Campaigning lawyer Ibrahim Salamoni, however, told Ahram Online that he strongly backs the implementation of progressive taxes in the new draft, describing it as a first step towards social justice.

Salamoni dismissed claims that progressive taxes would scare away investors. There are other factors or incentives that can encourage an investor, such as giving land at a lower price, and providing cheap labour, he said.

 “How can we implement social justice," he argued, "when someone who earns LE1 million pays the same tax rate as someone who earns LE5,000?”

Tamer Waguih, a leftist researcher and a member of the Way of the Revolution Front, told Ahram Online that while he views the implementation of progressive taxes as a positive step, he has doubts about the implementation of the taxes, which he said are easily evaded.

“For progressive taxes to be put in effect to ensure a redistribution of wealth, then the tax rate and income brackets must be linked to economic reality,” he said.

Tamer Waguih also argued that the constitution lacks provisions to protect the public from monopolistic businessmen.   

“We have an economic system based on free market [principles] and neo-liberalism and on the presence of a group of influential businessmen working via a kind of crony capitalism," he said.

Tamer Waguih criticised the new draft, saying that rather than remedying “the system that causes poverty in Egypt,” it instead only “slightly improv[es] the situation" by increasing education and health spending.

He also criticised Article 124 of the draft, which states that the government is forbidden from authorising any social spending without securing funding, thus leaving a balanced state budget, mandated by the draft constitution, intact.
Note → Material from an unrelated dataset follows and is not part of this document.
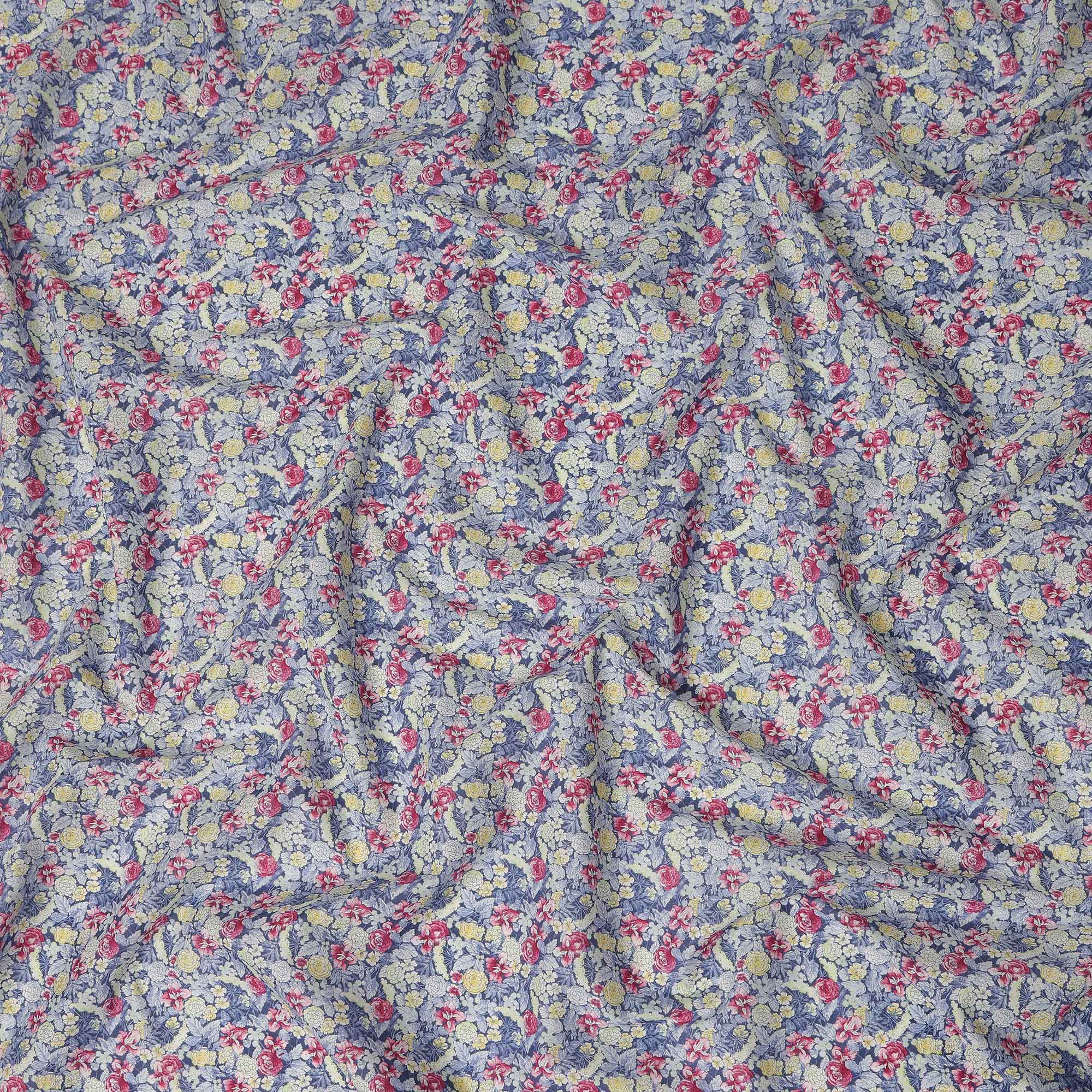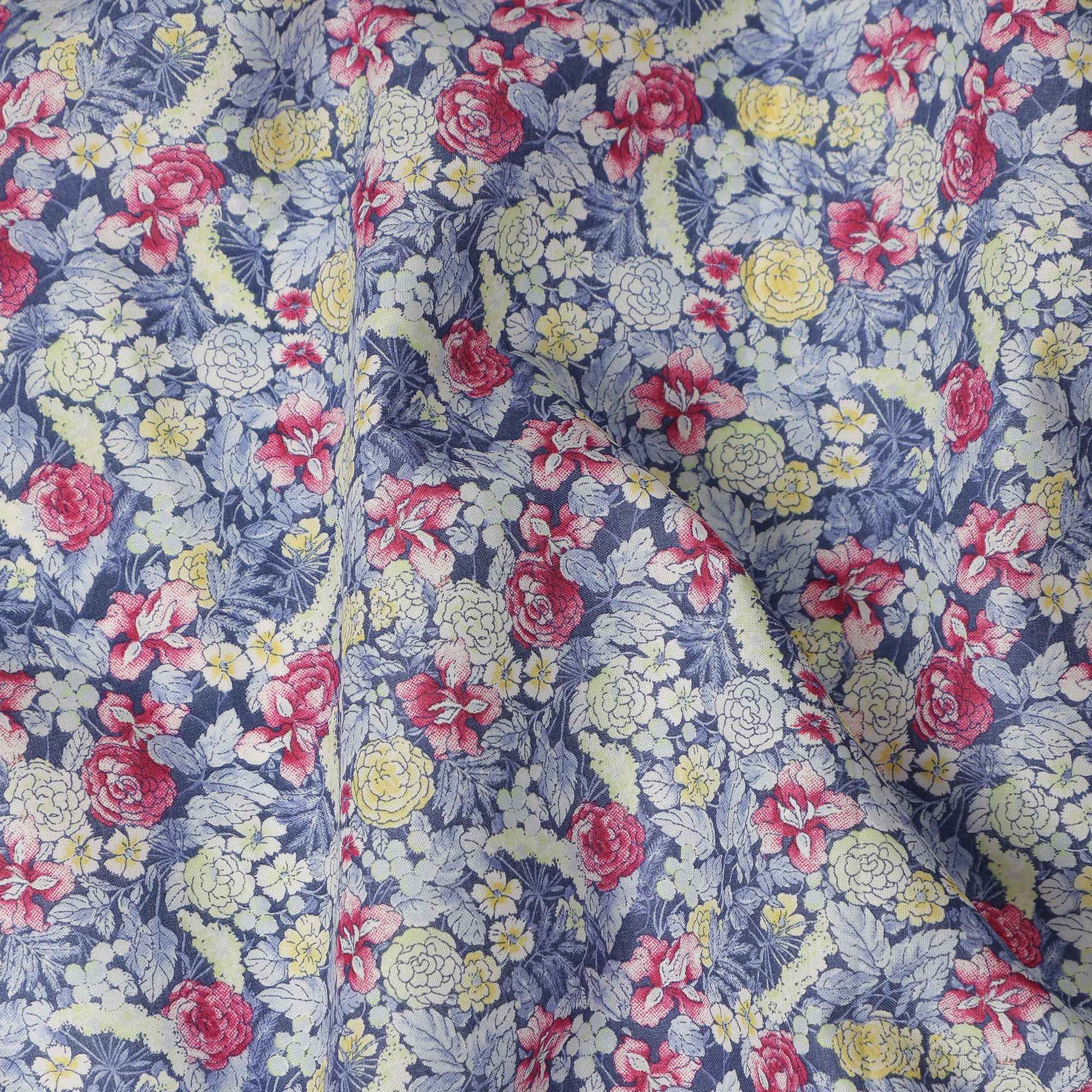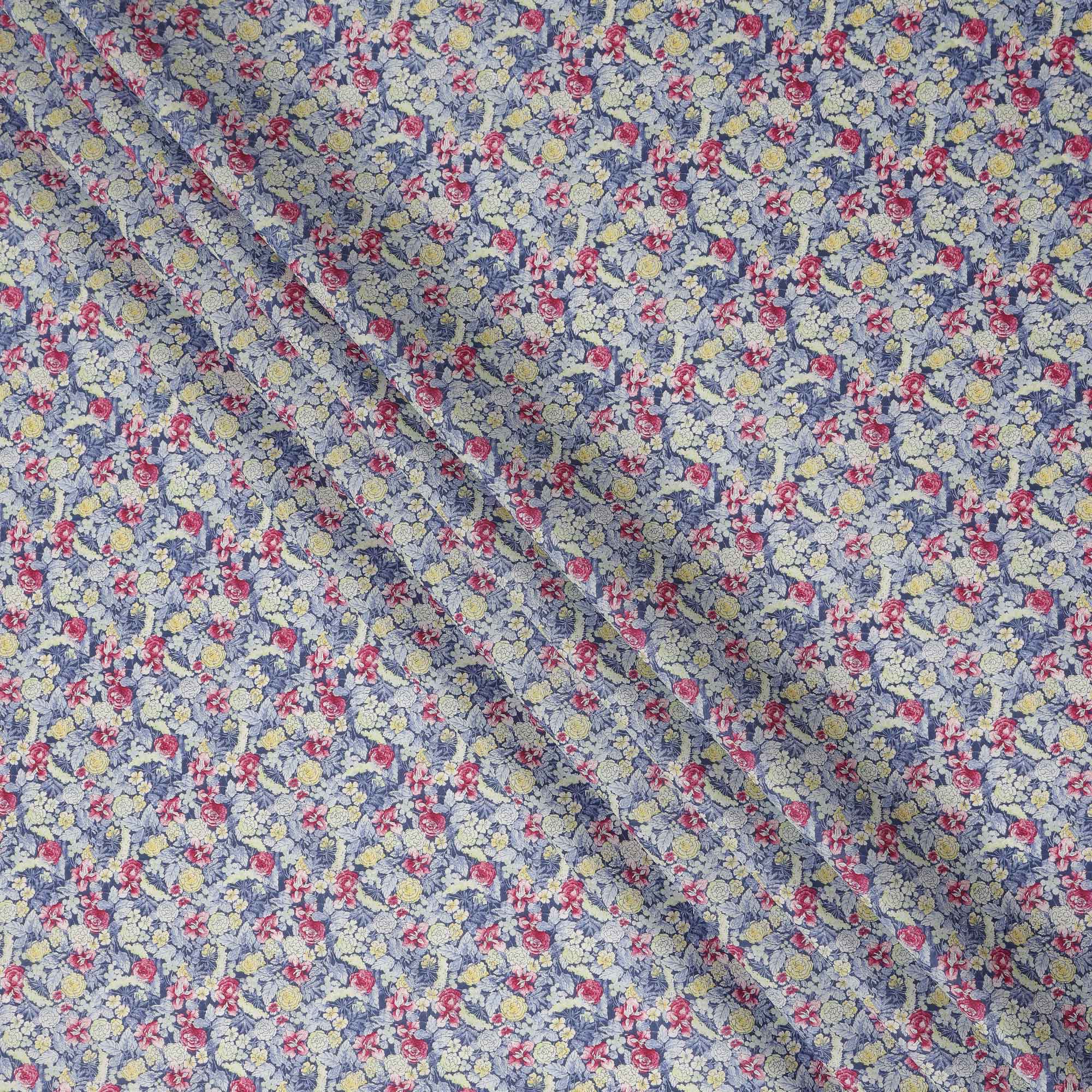 Dusty Blue Floral Printed Cotton Lawn Fabric Soft Lightweight Breathable Dressmaking Sewing Material 4.0 Meters Length 110 Cms Width India-D27622

According to Tamer Waguih, the article leaves the door open for the implementation of austerity measures. 

“In my opinion, the new draft of the constitution has put no obstacles in front of the mechanisms that cause poverty in Egypt,” he added.

The researcher also criticised the removal of an article mandating that 50 percent of members of parliament should be either workers or farmers.

The quota had been in place since the 1960s. In recent years, however, it has become a source of controversy, as some have argued that the loose definition of what it means to be a worker or a farmer leaves room for exploitation. 

“If the quota was misused, that doesn’t mean it gets cancelled; instead you should...tighten the measure in order to regulate it,” he said.

By cancelling the quota, workers and farmers now can only negotiate their rights through unions, the majority of which “are either weak or co-opted," he argued.

In spite of her strong support for the amended constitution, Maklad also told Ahram Online that she wished the workers and farmers quota had been kept untouched. 

"Their argument that the quota has been stolen from them [workers and farmers] is a weak argument," she said, "because we used to be under circumstances where all the rights and the votes of people were being robbed."